(Collected data Opens)

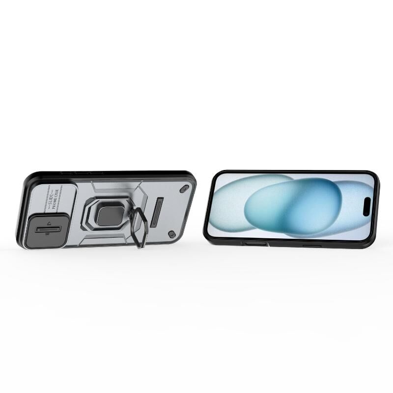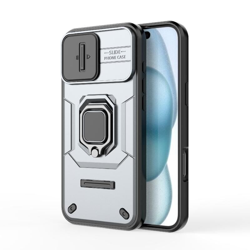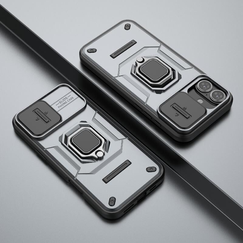 Θήκη τηλεφώνου για iPhone 16 Plus με ολισθαίνουσα προστασία κάμερας Camshield, κατασκευασμένη από TPU + PC, ανθεκτική σε κρούσεις, με βάση στήριξης (Γκρι)
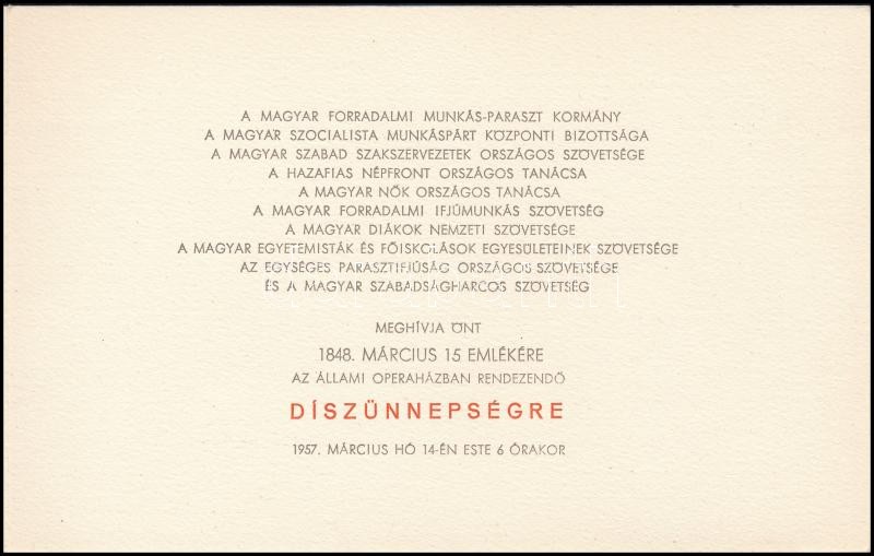 1957 Meghívó a forradalom leverését követő első március 15-i megemléke... https://www.darabanth.com/de/319-Fernauktion/319.0/Andere-Sammelgebiete/Drucksachen~28/1957-Meghivo-a-forradalom-levereset-koveto-elso-marcius-15-i-megemlekezes-operahazi-unne~II1739275
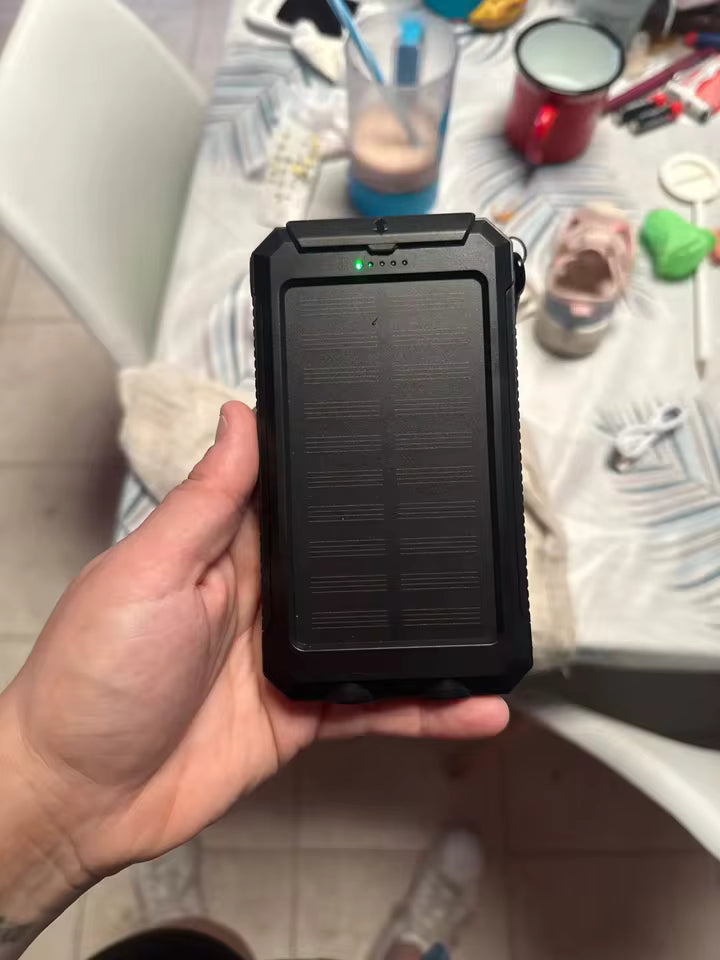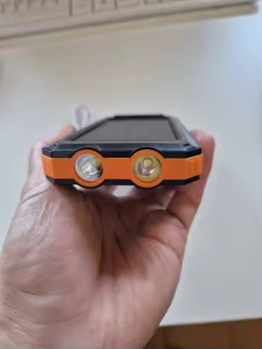 Het unieke aan deze powerbank? Je kunt hem niet alleen opladen via USB-C of Micro-USB, maar ook via het ingebouwde zonnepaneel. Ideaal in noodsituaties of wanneer je geen stopcontact in de buurt hebt.

(Collected data Closes)

Could you repeat the listing above exactly, omitting its pictures?

 Θήκη τηλεφώνου για iPhone 16 Plus με ολισθαίνουσα προστασία κάμερας Camshield, κατασκευασμένη από TPU + PC, ανθεκτική σε κρούσεις, με βάση στήριξης (Γκρι)
 1957 Meghívó a forradalom leverését követő első március 15-i megemléke... https://www.darabanth.com/de/319-Fernauktion/319.0/Andere-Sammelgebiete/Drucksachen~28/1957-Meghivo-a-forradalom-levereset-koveto-elso-marcius-15-i-megemlekezes-operahazi-unne~II1739275
 Het unieke aan deze powerbank? Je kunt hem niet alleen opladen via USB-C of Micro-USB, maar ook via het ingebouwde zonnepaneel. Ideaal in noodsituaties of wanneer je geen stopcontact in de buurt hebt.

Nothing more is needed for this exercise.